Rebecca MacKinnon, a former visiting fellow at CITP, thinks that the concerns about protecting privacy in different arenas are related. In her 2012 book Consent of the Networked: The Worldwide Struggle for Internet Freedom (Basic Books), she paid most attention to governmental attempts to restrict Web access, but also devotes a chapter to the dangers of corporate surveillance. The keys, she argues, are clarity and accountability over how information is collected and who has power over it. “If you don’t even know who has it,” she says, “it is very difficult to visit consequences on those who abuse it. And we will not have a free society.”

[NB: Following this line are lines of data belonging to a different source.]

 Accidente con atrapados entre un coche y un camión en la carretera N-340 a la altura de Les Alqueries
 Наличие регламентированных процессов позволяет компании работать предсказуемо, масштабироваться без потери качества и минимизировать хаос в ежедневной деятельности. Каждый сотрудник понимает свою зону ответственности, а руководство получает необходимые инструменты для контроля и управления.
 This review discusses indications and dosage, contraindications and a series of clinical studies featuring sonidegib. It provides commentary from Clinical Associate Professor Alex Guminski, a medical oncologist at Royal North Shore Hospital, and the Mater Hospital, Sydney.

People often say it may be necessary to surrender a little privacy to gain more security or convenience, but absolute safety and the smoothest browsing experience are not the only public goods at issue. Rarely is the question ever reversed. Would we accept a slower Internet in order to protect our privacy? Would we be willing to risk another 9/11 attack?

“There is a tradeoff, there is a balance here, and it’s important to get the balance right,” Felten insists. “But we need to have that conversation instead of pretending that there is not an interest on the privacy side of that scale.” 

Mark F. Bernstein ’83 is PAW’s senior writer.